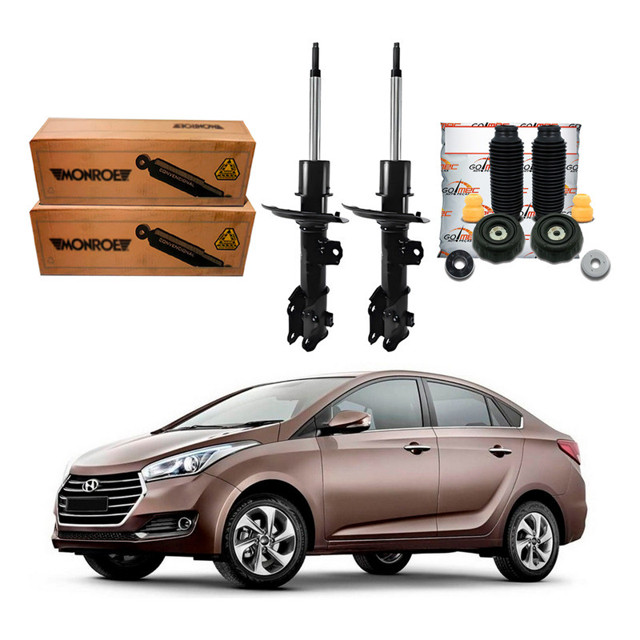 Este anúncio contém os seguintes produtos: Par de amortecedores dianteiros, lado esquerdo e direito; Par de kit de amortecedor dianteiro composto por batente, coifa, coxim e rolamento. Fabricante dos amortecedores dianteiros: Monroe Fabricante dos kits dianteiros: Go Mec Produtos novos, com 2 anos de garantia para os amortecedores e 3 meses para os demais itens. Este produto se aplica a esses veículos: Anos de fabricação: 2012, 2013, 2014, 2015; Observações: Não se aplica no modelo HB20X. Anos de fabricação: 2016, 2017, 2018, 2019; Observações: Não se aplica no modelo HB20X. Anos de fabricação: 2013, 2014, 2015; Observações: Não se aplica no modelo HB20X. Anos de fabricação: 2016, 2017, 2018, 2019; Observações: Não se aplica no modelo HB20X. Anos de fabricação: 2016, 2017, 2018, 2019; Observações: Não se aplica no modelo HB20X. Somos a Go! Mec Auto Peças, estamos no ramo de autopeças para veículos nacionais e importados há duas décadas, nosso estoque conta com uma variedade de aproximadamente 45.000 itens. Nossa equipe de Pós-Vendas é altamente capacitada, resultando na excelência no atendimento e na busca constante pela satisfação dos clientes. Navegue pela loja virtual e fique à vontade!
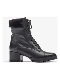 Skórzane botki w kolorze czarnym - zapięcie: sznurowanie z bocznym suwakiem - noski: zaokrąglone - zapiętki: wzmocnione - skórzana wkładka: tak - forma obcasa: blokowy - podeszwa: profilowana
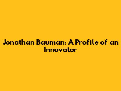 Jonathan Bauman: A Profile Of An Innovator

» YOUR OBJECTIVE
What you give back must be exactly the lines of the listing above from the line containing "Skórzane botki w" through its last line, inclusive, without pictures, please.

» EXERCISE ANSWER
 Skórzane botki w kolorze czarnym - zapięcie: sznurowanie z bocznym suwakiem - noski: zaokrąglone - zapiętki: wzmocnione - skórzana wkładka: tak - forma obcasa: blokowy - podeszwa: profilowana
 Jonathan Bauman: A Profile Of An Innovator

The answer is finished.